WildScenes: A Benchmark for 2D and 3D Semantic Segmentation in Natural Environments [IJRR2024]

Official paper link: IJRR

WildScenes Website: WildScenes

This official repo for WildScenes provides benchmarks for semantic segmentation in 2D and 3D in natural environments. Training is performed using the mmsegmentation and mmdetection3d toolboxs. We thank and acknowledge the contributions of these toolboxes.

Abstract

Recent progress in semantic scene understanding has primarily been enabled by the availability of semantically annotated bi-modal (camera and LiDAR) datasets in urban environments. However such annotated datasets are also needed for natural, unstructured environments to enable semantic perception for important applications including search and rescue, conservation monitoring and agricultural automation. Therefore we introduce WildScenes, a bi-modal dataset including densely annotated semantic annotations in both 2D (images) and 3D (lidar point clouds), alongside 6-DoF ground truth information. We introduce benchmarks on 2D and 3D semantic segmentation and evaluate using a variety of recent deep learning techniques, to demonstrate the challenges in semantic inference in natural environments. Additionally, our dataset also provides a method for accurately projecting 2D labels into 3D, and we also provide a custom split generation algorithm to produce an optimal label distribution for training neural networks on our dataset. Finally, for the first time, our dataset provides label distributions for all 3D points, enabling future applications such as label distribution learning.

Package Requirements

Please refer to the installation.md file for detailed instructions. The full list of required packages are also detailed in the requirements.txt file. Requires Python >= 3.8 and recommend Python = 3.10.

Dataset Setup

The dataset has been released and can be accessed at: https://data.csiro.au/collection/csiro:61541

The dataset includes a directory WildScenes2d which contains RGB images and semantic labelled images, WildScenes3d which contains 3D labelled point clouds (where all points are visible in the camera), and Fullclouds which contain ply files with the full 360 degree point cloud without labels but including intensity.

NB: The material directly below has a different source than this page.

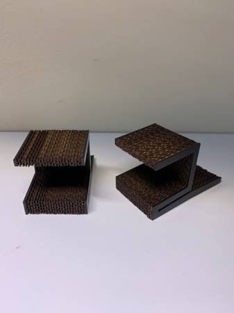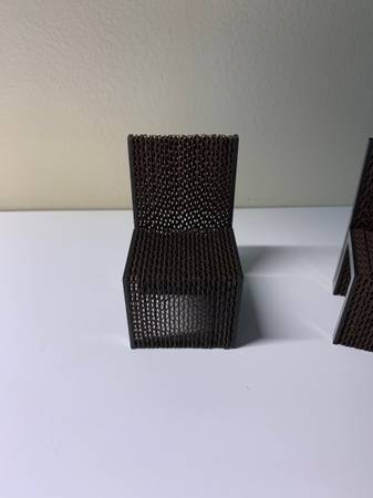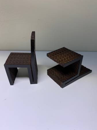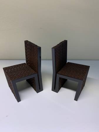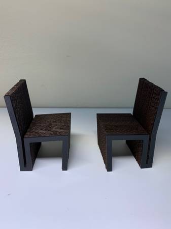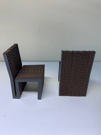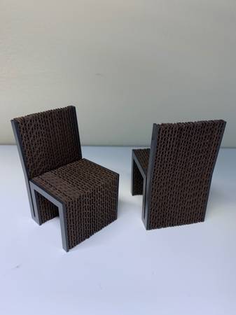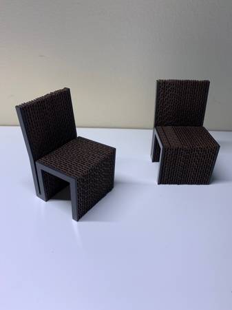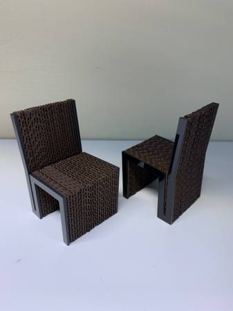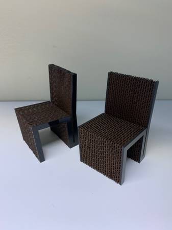 BRAND NEW / NEVER USED / FLAWLESS****SELLING AS A SET OF 2 Deep brown with glossy black acrylic edging. Hand crafted mid century modern set of dining chairs designed and inspired after the Frank Gehry cardboard chair for VITRA Edition. These are inspired by but not officially Vitra products. Constructed of corrugated cardboard and acrylic with modern and sleek lines.The structure is extremely firm and stable. These chairs are super refined collectibles and suitable for a dollhouse but not for children.1:12 Scalewidth: 1.75"depth: 1.75"height: 2.85"

To download the dataset, it is recommended to use an S3 client. Please select the download method "Download files via S3 Client". A command line tool such as rclone could be used to perform the download.

After downloading the WildScenes dataset to a directory of your choice, before you can use the dataset with this repository, the setup_data.py script needs to be run (scripts/data/setup_data.py).

setup_data.py

This script creates full paths to individual files in the WildScenes dataset, based on your dataset save location and the split details in /data/splits. The input argument --dataset_rootdir is required, and must be the full path to the root directory of WildScenes. This script will produce pickle files for 3D training and evaluation, and setup symlinks for 2D training and evaluation.

Visualization Scripts

This repo includes some scripts for viewing the dataset.

Scripts:

view_cloud.py (scripts/visualisation/view_cloud.py)
view_image.py (scripts/visualisation/view_image.py)

view_cloud.py

View cloud allows the reader to visualise our labelled 3D point clouds. To run this script, you need to include the --loaddir argument, where --loaddir points to the full path to a wildscenes data folder on your computer, e.g. YOURPATH/WildScenes/WildScenes3d/K-01. Clouds can be viewed individually, sequentially or as a video. Default is to display a single cloud, then the program terminates after the user closes the visualization window. The visualization window can be closed using the "q" key.

Input arguments include:

--loaddir: define the full path to a WildScenes3d subfolder.
--viewpoint: Options: [BEV, FPV]. Default: BEV. BEV displays the point cloud from a birds-eye perspective, FPV displays the cloud from a first person perspective.
--loadidx: sets the index of the specific cloud you want to view (or specific cloud to start the video from). Defaults to a random cloud.
--sequential: rather than viewing a single point cloud, sequential will iteratively load each cloud in a folder. Each subsequent cloud is loaded after the user closes the current visualizer window using the "q" key. This input argument will override the --video argument. To terminate the program, please use Control-C.
--video: loads the point clouds sequentially in a video, with no user input required. The playback speed is set using --videospeed. To terminate the video, please use Control-C.

view_image.py

View image allows the reader to visualise our labelled images. To run this script, you need to include the --loaddir argument, where --loaddir points to the full path to a wildscenes data folder on your computer, e.g. YOURPATH/WildScenes/WildScenes2d/V-01. Images can be viewed individually, sequentially or as a video. Default is to display a single image, then the program terminates after the user closes the visualization window.

Input arguments include:

--loaddir: define the full path to a WildScenes3d subfolder.
--loadidx: sets the index of the specific image you want to view (or specific image to start the video from). Defaults to a random image.
--sequential: rather than viewing a single image, sequential will iteratively load each image in a folder. Each subsequent image is displayed after the user closes the current visualizer window using the "q" key. This input argument will override the --video argument. To terminate the program, please use Control-C.
--video: loads the images sequentially in a video, with no user input required. The playback speed is set using --videospeed. To terminate the video, please use Control-C.
--raw: by default, only the benchmark annotated classes are shown. To display the raw labels including merged and excluded classes, please use this argument.

Trained Models

Trained models for WildScenes are available for download via Dropbox, at: WildScenes Models

Training code

All training code for WildScenes has now been released.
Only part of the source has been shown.